Write to the above output stream as needed, then call toInputStream to obtain an input stream over the underlying buffer. Consider the output stream as closed after that point.

I usually try to avoid creating a separate thread because of the increased chance of deadlock, the increased difficulty of understanding the code, and the problems of dealing with exceptions.

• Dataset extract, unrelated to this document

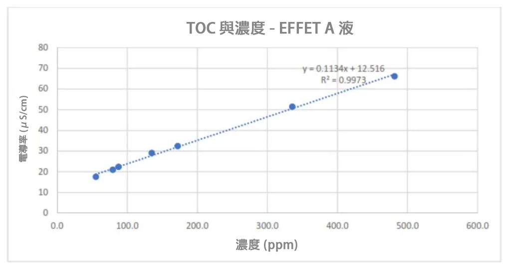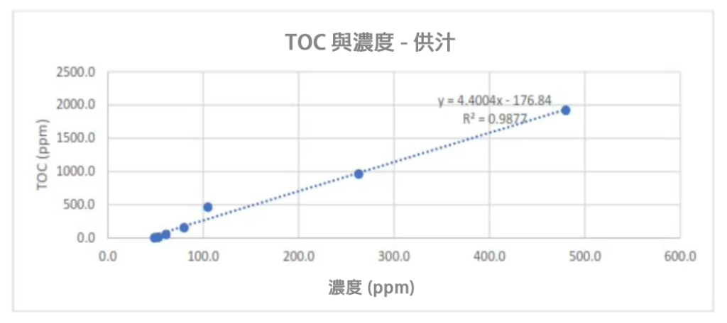 研究結果顯示,無論對何種污染物,TOC 測量都能隨加標濃度變化而表現出高度的線性。相關性斜率表明,TOC 測量在整個加標濃度範圍內具有高度的敏感性。
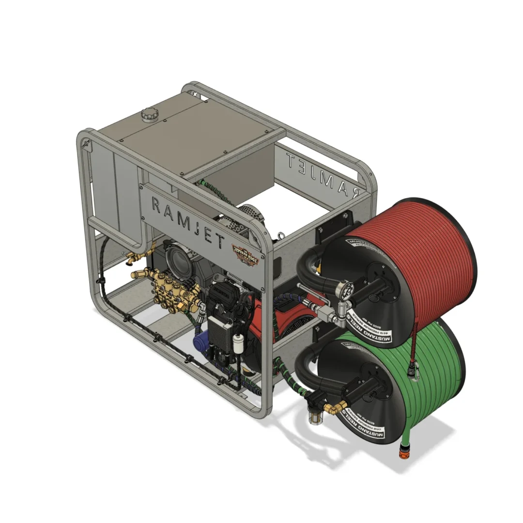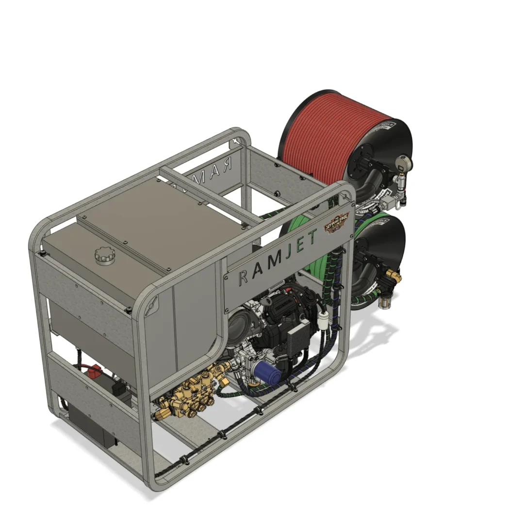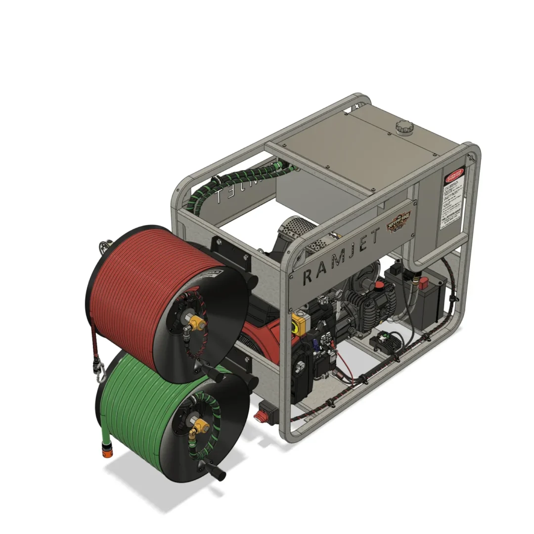 RAMJET 5000 היא מכונה מקצועית לפתיחת סתימות בצנרת ביוב, המספקת עוצמה יוצאת דופן בזכות מנוע Honda iGX800 ומערכת לחץ של 5,000 PSI עם זרימה של 25 ליטר לדקה.

Here's my proposed solution: a ProducerInputStream that creates content in chunks by repeated calls to produceChunk():

public abstract class ProducerInputStream extends InputStream {


private ByteArrayInputStream bin = new ByteArrayInputStream(new byte[0]);
private ByteArrayOutputStream bout = new ByteArrayOutputStream();


@Override
public int read() throws IOException {
int result = bin.read();
while ((result == -1) && newChunk()) {
result = bin.read();
}
return result;
}


@Override
public int read(byte[] b, int off, int len) throws IOException {
int result = bin.read(b, off, len);
while ((result == -1) && newChunk()) {
result = bin.read(b, off, len);
}
return result;
}


private boolean newChunk() {
bout.reset();
produceChunk(bout);
bin = new ByteArrayInputStream(bout.toByteArray());
return (bout.size() > 0);
}


public abstract void produceChunk(OutputStream out);


}